## Your goal
Set down every entry exactly as it stands, omitting any picture.
START Input data
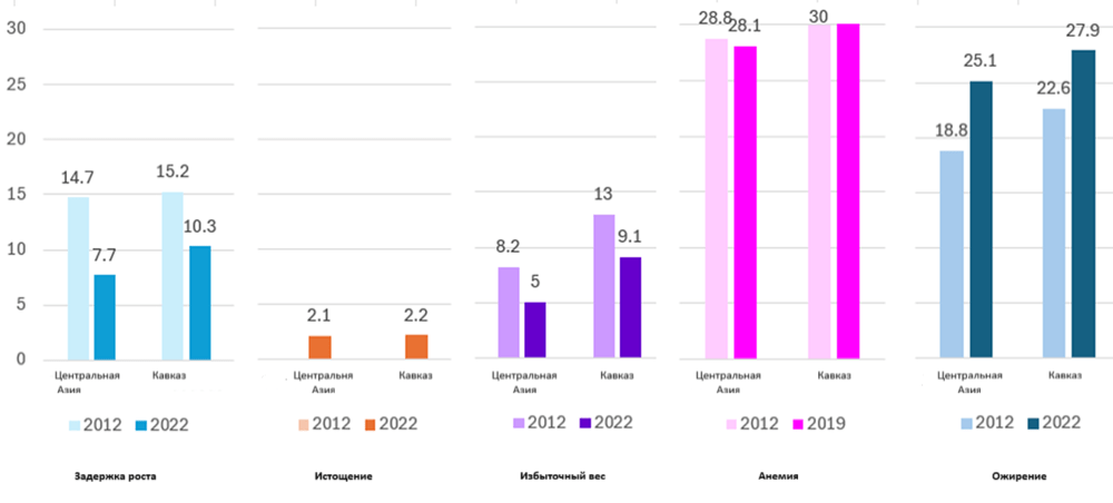 Региональные и глобальные тенденции также указывают на рост проблем анемии и избыточного веса у детей в странах Центральной Азии, несмотря на снижение показателей задержки роста. На основе доклада «Состояние продовольственной безопасности и питания в Европе и Центральной Азии 2024», можно делать вывод о том то в Центральной Азии и на Кавказе достигнут заметный прогресс в борьбе с задержкой роста у детей, однако растет число случаев анемии и ожирения (данные можно посмотреть на рисунке 1) [7].
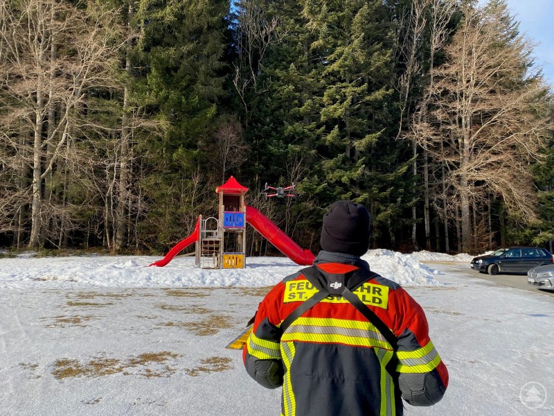 Mit einer Drohne suchte die Feuerwehr St. Oswald das Gebiet nach weiteren Giftködern ab.
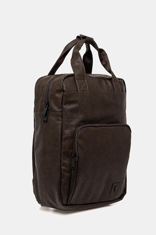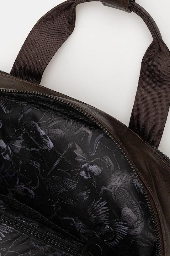 Рюкзак из коллекции «Medicine». Изготовлен из экокожи. - Два отделения на молнии. - Карман на молнии спереди. - Передний карман с магнитной застежкой. - Внутренний карман на молнии. - Внутренние накладные карманы. - Встроенный брелок, например, для ключей. - Две короткие ручки, застегивающиеся на кнопку. - Декоративная деталь спереди. - Задняя панель с мягкими сетчатыми элементами. - Регулируемая длина ремня. - Модель на подкладке. - Узорчатая подкладка. - Вмещает формат А4. - Глубина: 13 см. - Высота: 40 см. - Ширина у основания: 30 см.
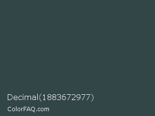 Decimal 1883672977 Color is a dark cyan color and the nearest color is Charcoal #36454f. Hex code #334647 and RGB value is rgb(51,70,71). In RGB color space, this color is composed of 20% red, 27% green, 28% blue, In CMYK color space, this color is composed of 28% cyan, 1% magenta, 0% yellow , 72% black , In HSL color space, this color has a hue angle of 183° , 16% saturation and 24% lightness.
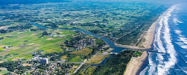 横芝光町は千葉県北東部に位置し、東京から約80分(約70km)、千葉市内から約40分(約35km)、成田国際空港から25分(約20km)の距離にあります。「日本の白砂青松100選」と「日本の渚百選」に選定されている全長約66kmの自然公園『九十九里浜』のほぼ中央に位置し、九十九里浜に2つの海岸を有しています。そのひとつの木戸浜海岸は、「アカウミガメ」が産卵する北限の地です。また、町の中央を流れる栗山川には、鮭が自然回帰をします。横芝光町は、黒潮の影響を受け、夏は涼しく、冬は暖かい海洋性気候により、とても暮らしやすい町です。
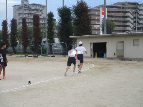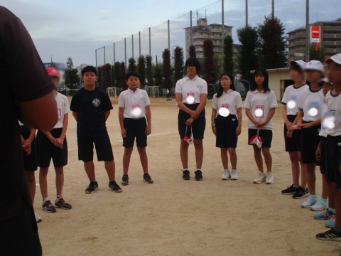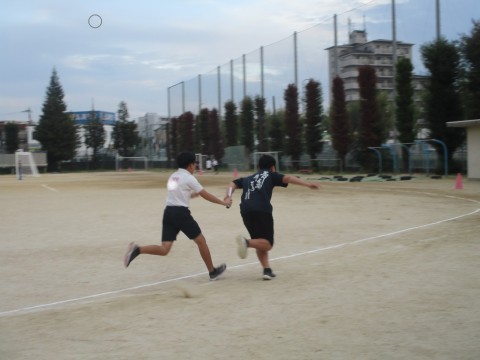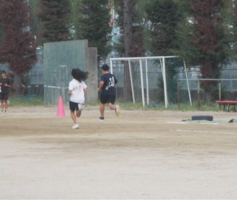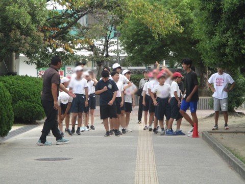 陸上競技の部には、100mと400m リレー(4×100m)の2種目があり、リレーは小・中学生による混成チームで出場します。合同練習では、津久野中学校の陸上競技部の先生や先輩に短距離のスタート練習やリレーのバトン練習を中心に指導していただきました。校区の代表選手としての自覚も高まったのではないでしょうか。
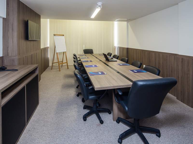 Perfeita para reuniões ate 12 pessoas com mesa unica. A sala Valença possui 26 m² e 2,5 mts de pé direito, e conta com uma TV de led 42" para projeção via HDMI.
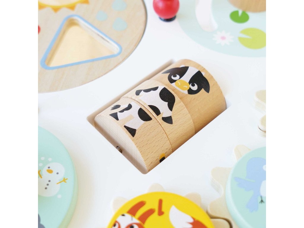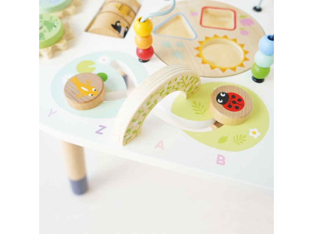 Tento aktivní motorický stůl potěší nejen oko, ale také ostatní smysly. Perfektní hračka pro batolata, pomůže s rozvojem představivosti. Stoleček je plný multisenzorických aktivit, které zabaví všechny zvídavé děti. Najdou na něm korálkový labyrint, vkládačku, xylofon, ozubená kolečka, otočné chrastítko a další! Takový počet aktivit děti zabaví na dlouhé hodiny.Tento robustní stoleček vám vydrží opravdu dlouho, je vyroben z udržitelného FSC® dřeva a dekorován zářivými základními barvami, které jsou netoxické. Senzorické hračky Le Toy Van si můžete předávat z generace na generaci. Hlavní vlastnosti: vyrobeno z FSC dřevamultifunkční dřevěný aktivní stolekrozvíjí dětské smysly během hryveselý pestrobarevný design stimuluje představivostudržitelná hračka inspirována přírodou Petilou kolekce: Kolekce pro nemluvňata a batolata od Le Toy Van obsahuje hlavně hmatové hračky, které mají nejmenším posloužit také jako učební prostředky. Kolekce je inspirována přírodou kolem nás a je navržena tak, aby rozvíjela smysly dětí pomocí rozdílných zvuků, textur, tvarů a hmotností. Děti tak od malička zapojí všechny své smysly. V kolekci najdete například skládačky, vkládačky, chodítka, … Značka a certifikát FSC® (Forest Stewardship Council) zaručuje, že dřevo, ze kterého byl produkt vyroben, nebylo vytěženo nelegálně a pochází z lesů obhospodařovaných šetrným či přírodě blízkým způsobem, ve kterém jsou dodržovány přísné environmentální a sociální požadavky. Značka FSC® na výrobku znamená, že svým nákupem pomáháte chránit lesy a podporujete šetrné, odpovědné či přírodě blízké hospodaření, díky kterému jsou naše lesy stabilnější, zdravější, mají přirozenou druhovou skladbu a lépe odolávají negativním následkům klimatických změn.
END Input data
## Task response
 Региональные и глобальные тенденции также указывают на рост проблем анемии и избыточного веса у детей в странах Центральной Азии, несмотря на снижение показателей задержки роста. На основе доклада «Состояние продовольственной безопасности и питания в Европе и Центральной Азии 2024», можно делать вывод о том то в Центральной Азии и на Кавказе достигнут заметный прогресс в борьбе с задержкой роста у детей, однако растет число случаев анемии и ожирения (данные можно посмотреть на рисунке 1) [7].
 Mit einer Drohne suchte die Feuerwehr St. Oswald das Gebiet nach weiteren Giftködern ab.
 Рюкзак из коллекции «Medicine». Изготовлен из экокожи. - Два отделения на молнии. - Карман на молнии спереди. - Передний карман с магнитной застежкой. - Внутренний карман на молнии. - Внутренние накладные карманы. - Встроенный брелок, например, для ключей. - Две короткие ручки, застегивающиеся на кнопку. - Декоративная деталь спереди. - Задняя панель с мягкими сетчатыми элементами. - Регулируемая длина ремня. - Модель на подкладке. - Узорчатая подкладка. - Вмещает формат А4. - Глубина: 13 см. - Высота: 40 см. - Ширина у основания: 30 см.
 Decimal 1883672977 Color is a dark cyan color and the nearest color is Charcoal #36454f. Hex code #334647 and RGB value is rgb(51,70,71). In RGB color space, this color is composed of 20% red, 27% green, 28% blue, In CMYK color space, this color is composed of 28% cyan, 1% magenta, 0% yellow , 72% black , In HSL color space, this color has a hue angle of 183° , 16% saturation and 24% lightness.
 横芝光町は千葉県北東部に位置し、東京から約80分(約70km)、千葉市内から約40分(約35km)、成田国際空港から25分(約20km)の距離にあります。「日本の白砂青松100選」と「日本の渚百選」に選定されている全長約66kmの自然公園『九十九里浜』のほぼ中央に位置し、九十九里浜に2つの海岸を有しています。そのひとつの木戸浜海岸は、「アカウミガメ」が産卵する北限の地です。また、町の中央を流れる栗山川には、鮭が自然回帰をします。横芝光町は、黒潮の影響を受け、夏は涼しく、冬は暖かい海洋性気候により、とても暮らしやすい町です。
 陸上競技の部には、100mと400m リレー(4×100m)の2種目があり、リレーは小・中学生による混成チームで出場します。合同練習では、津久野中学校の陸上競技部の先生や先輩に短距離のスタート練習やリレーのバトン練習を中心に指導していただきました。校区の代表選手としての自覚も高まったのではないでしょうか。
 Perfeita para reuniões ate 12 pessoas com mesa unica. A sala Valença possui 26 m² e 2,5 mts de pé direito, e conta com uma TV de led 42" para projeção via HDMI.
 Tento aktivní motorický stůl potěší nejen oko, ale také ostatní smysly. Perfektní hračka pro batolata, pomůže s rozvojem představivosti. Stoleček je plný multisenzorických aktivit, které zabaví všechny zvídavé děti. Najdou na něm korálkový labyrint, vkládačku, xylofon, ozubená kolečka, otočné chrastítko a další! Takový počet aktivit děti zabaví na dlouhé hodiny.Tento robustní stoleček vám vydrží opravdu dlouho, je vyroben z udržitelného FSC® dřeva a dekorován zářivými základními barvami, které jsou netoxické. Senzorické hračky Le Toy Van si můžete předávat z generace na generaci. Hlavní vlastnosti: vyrobeno z FSC dřevamultifunkční dřevěný aktivní stolekrozvíjí dětské smysly během hryveselý pestrobarevný design stimuluje představivostudržitelná hračka inspirována přírodou Petilou kolekce: Kolekce pro nemluvňata a batolata od Le Toy Van obsahuje hlavně hmatové hračky, které mají nejmenším posloužit také jako učební prostředky. Kolekce je inspirována přírodou kolem nás a je navržena tak, aby rozvíjela smysly dětí pomocí rozdílných zvuků, textur, tvarů a hmotností. Děti tak od malička zapojí všechny své smysly. V kolekci najdete například skládačky, vkládačky, chodítka, … Značka a certifikát FSC® (Forest Stewardship Council) zaručuje, že dřevo, ze kterého byl produkt vyroben, nebylo vytěženo nelegálně a pochází z lesů obhospodařovaných šetrným či přírodě blízkým způsobem, ve kterém jsou dodržovány přísné environmentální a sociální požadavky. Značka FSC® na výrobku znamená, že svým nákupem pomáháte chránit lesy a podporujete šetrné, odpovědné či přírodě blízké hospodaření, díky kterému jsou naše lesy stabilnější, zdravější, mají přirozenou druhovou skladbu a lépe odolávají negativním následkům klimatických změn.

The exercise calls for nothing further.